> [ASSIGNED TASK] The line containing "The sole forerunner" marks the start. Restate it and every following line through the end of the records exactly, and nothing else, leaving out the pictures.

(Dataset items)
□ □ □ □ □ □ □

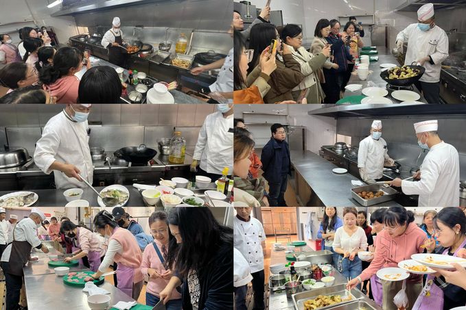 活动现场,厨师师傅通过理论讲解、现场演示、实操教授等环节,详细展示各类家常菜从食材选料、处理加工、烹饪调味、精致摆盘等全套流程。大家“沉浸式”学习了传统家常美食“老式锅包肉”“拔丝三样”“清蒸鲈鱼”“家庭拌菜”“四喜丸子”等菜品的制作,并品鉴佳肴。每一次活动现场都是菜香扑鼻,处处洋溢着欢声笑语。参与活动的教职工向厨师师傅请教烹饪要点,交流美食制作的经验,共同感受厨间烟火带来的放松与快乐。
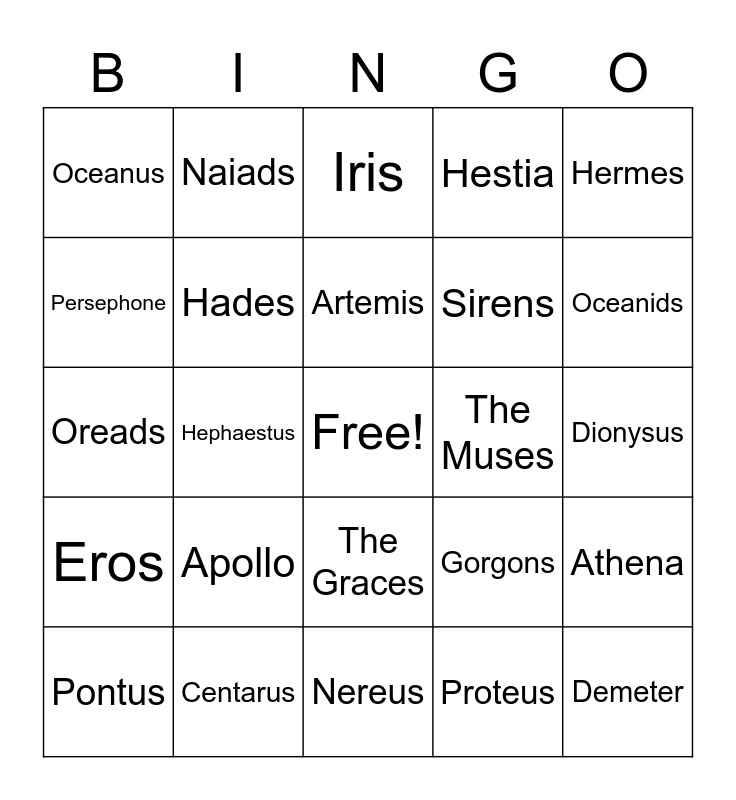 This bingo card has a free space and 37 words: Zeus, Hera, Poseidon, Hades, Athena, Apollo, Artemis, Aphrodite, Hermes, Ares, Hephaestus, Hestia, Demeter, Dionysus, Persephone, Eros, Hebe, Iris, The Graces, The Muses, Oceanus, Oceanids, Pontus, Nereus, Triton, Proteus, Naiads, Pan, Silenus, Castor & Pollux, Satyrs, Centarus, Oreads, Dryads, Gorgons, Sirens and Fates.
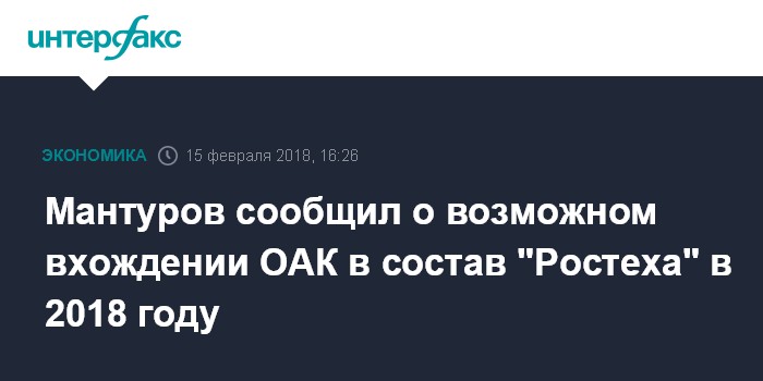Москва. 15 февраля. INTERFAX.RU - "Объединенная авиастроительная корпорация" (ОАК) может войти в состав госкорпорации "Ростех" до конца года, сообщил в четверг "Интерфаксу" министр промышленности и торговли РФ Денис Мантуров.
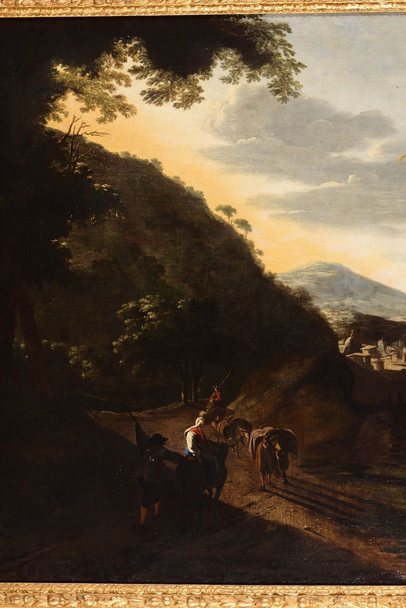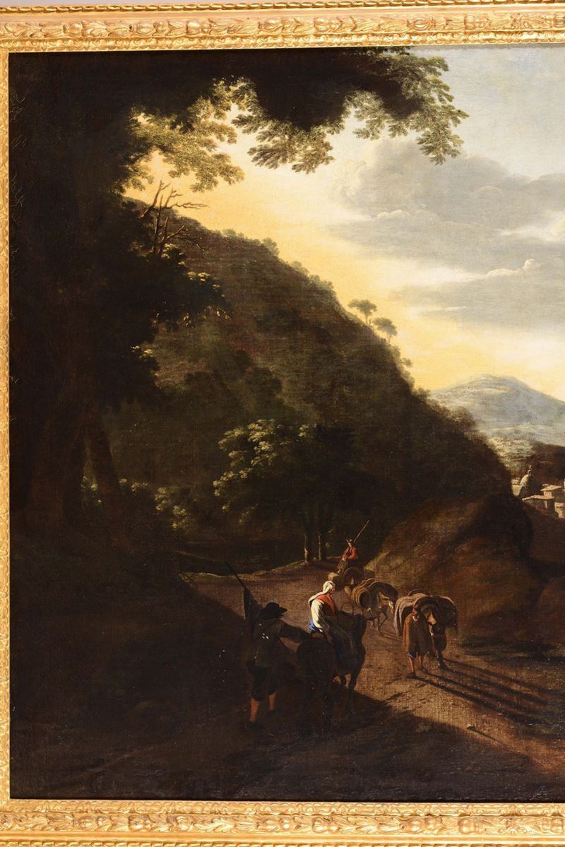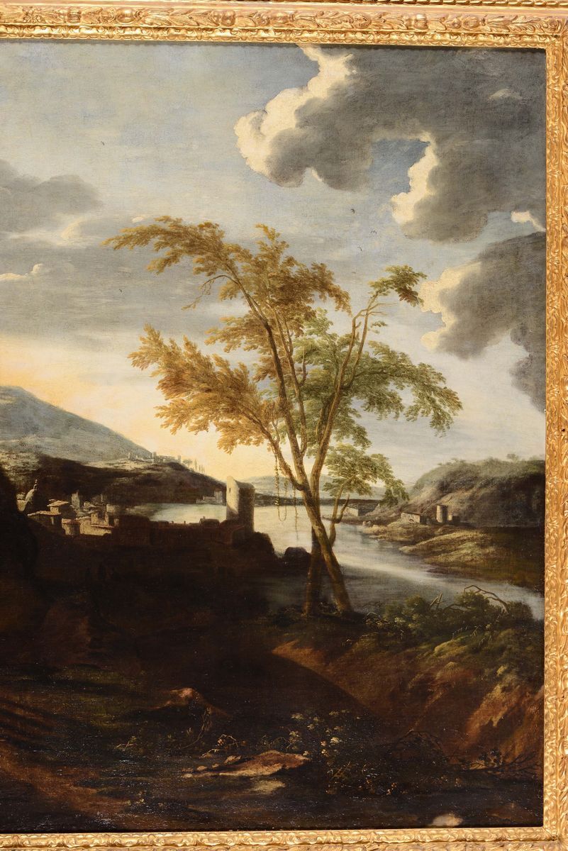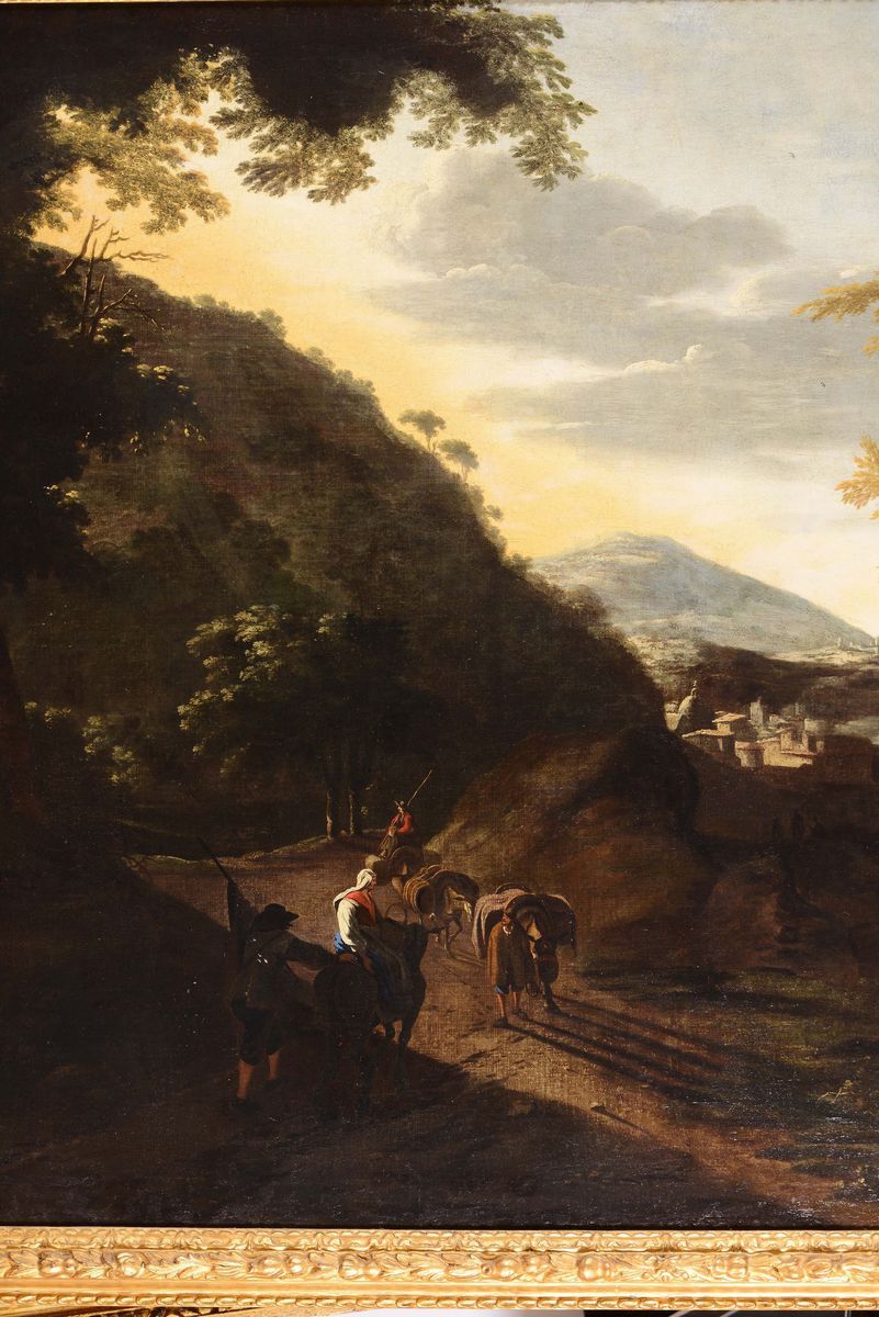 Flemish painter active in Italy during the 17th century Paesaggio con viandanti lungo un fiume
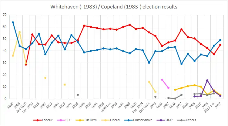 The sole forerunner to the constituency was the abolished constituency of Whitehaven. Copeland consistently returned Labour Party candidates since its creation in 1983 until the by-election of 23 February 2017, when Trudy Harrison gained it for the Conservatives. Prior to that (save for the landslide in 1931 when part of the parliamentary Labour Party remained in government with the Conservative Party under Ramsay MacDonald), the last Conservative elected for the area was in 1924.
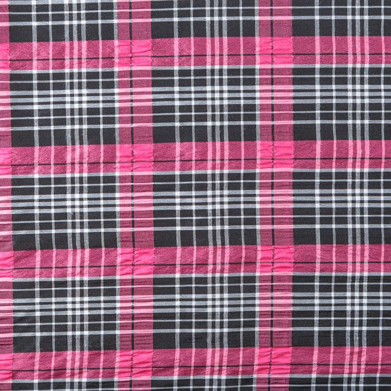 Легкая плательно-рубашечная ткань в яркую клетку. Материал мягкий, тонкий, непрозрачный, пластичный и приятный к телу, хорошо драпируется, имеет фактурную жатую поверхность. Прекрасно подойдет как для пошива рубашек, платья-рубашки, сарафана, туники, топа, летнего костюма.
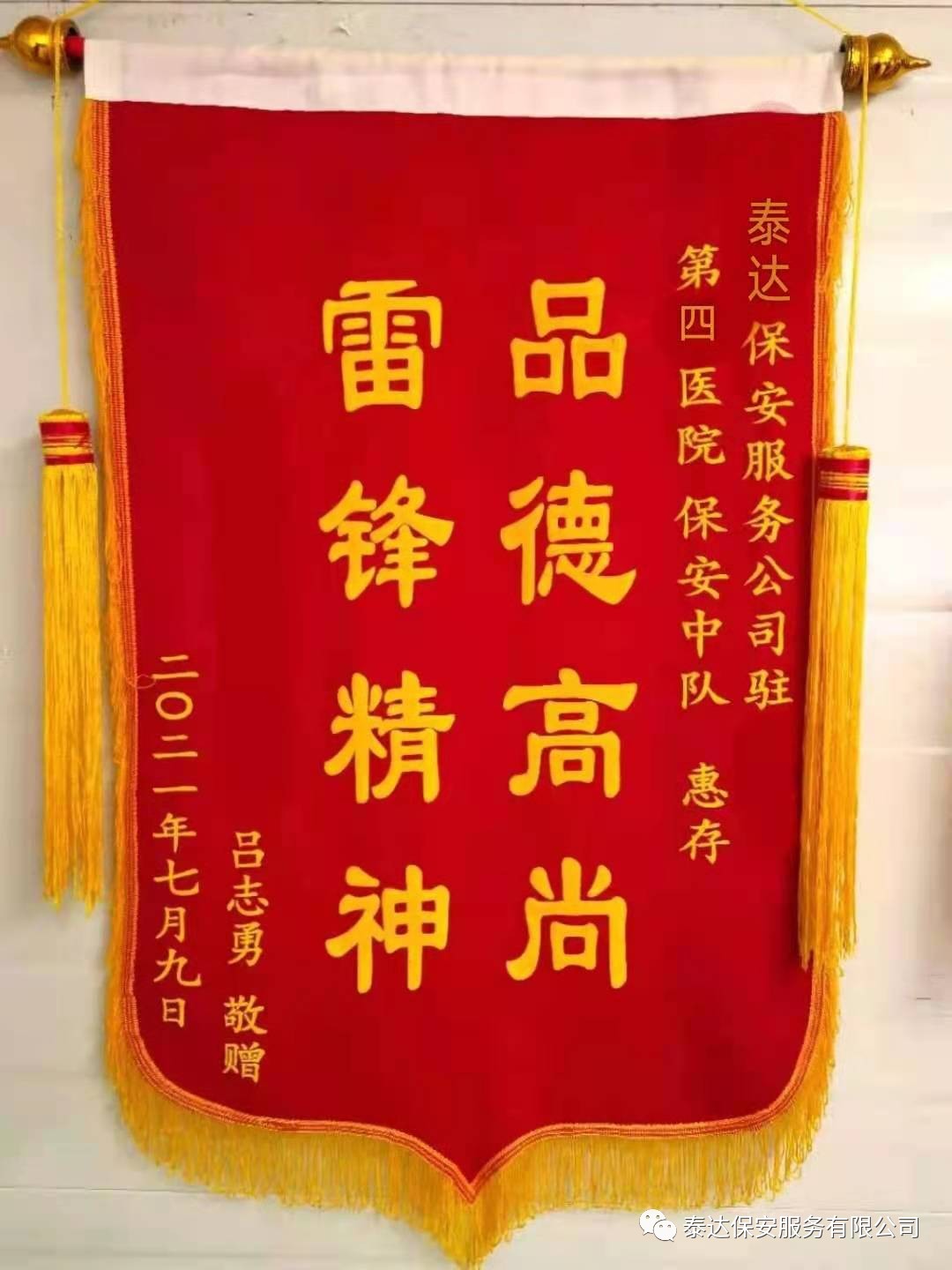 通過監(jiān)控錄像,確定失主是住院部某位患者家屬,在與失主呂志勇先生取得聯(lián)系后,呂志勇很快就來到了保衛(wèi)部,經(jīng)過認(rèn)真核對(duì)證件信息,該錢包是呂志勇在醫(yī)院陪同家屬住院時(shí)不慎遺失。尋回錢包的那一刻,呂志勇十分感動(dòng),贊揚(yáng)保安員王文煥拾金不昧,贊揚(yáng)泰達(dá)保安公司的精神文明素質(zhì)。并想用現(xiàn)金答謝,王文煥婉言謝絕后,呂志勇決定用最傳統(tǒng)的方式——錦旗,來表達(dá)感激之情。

□ □ □ □ □ □ □

> [YOUR SOLUTION]
 The sole forerunner to the constituency was the abolished constituency of Whitehaven. Copeland consistently returned Labour Party candidates since its creation in 1983 until the by-election of 23 February 2017, when Trudy Harrison gained it for the Conservatives. Prior to that (save for the landslide in 1931 when part of the parliamentary Labour Party remained in government with the Conservative Party under Ramsay MacDonald), the last Conservative elected for the area was in 1924.
 Легкая плательно-рубашечная ткань в яркую клетку. Материал мягкий, тонкий, непрозрачный, пластичный и приятный к телу, хорошо драпируется, имеет фактурную жатую поверхность. Прекрасно подойдет как для пошива рубашек, платья-рубашки, сарафана, туники, топа, летнего костюма.
 通過監(jiān)控錄像,確定失主是住院部某位患者家屬,在與失主呂志勇先生取得聯(lián)系后,呂志勇很快就來到了保衛(wèi)部,經(jīng)過認(rèn)真核對(duì)證件信息,該錢包是呂志勇在醫(yī)院陪同家屬住院時(shí)不慎遺失。尋回錢包的那一刻,呂志勇十分感動(dòng),贊揚(yáng)保安員王文煥拾金不昧,贊揚(yáng)泰達(dá)保安公司的精神文明素質(zhì)。并想用現(xiàn)金答謝,王文煥婉言謝絕后,呂志勇決定用最傳統(tǒng)的方式——錦旗,來表達(dá)感激之情。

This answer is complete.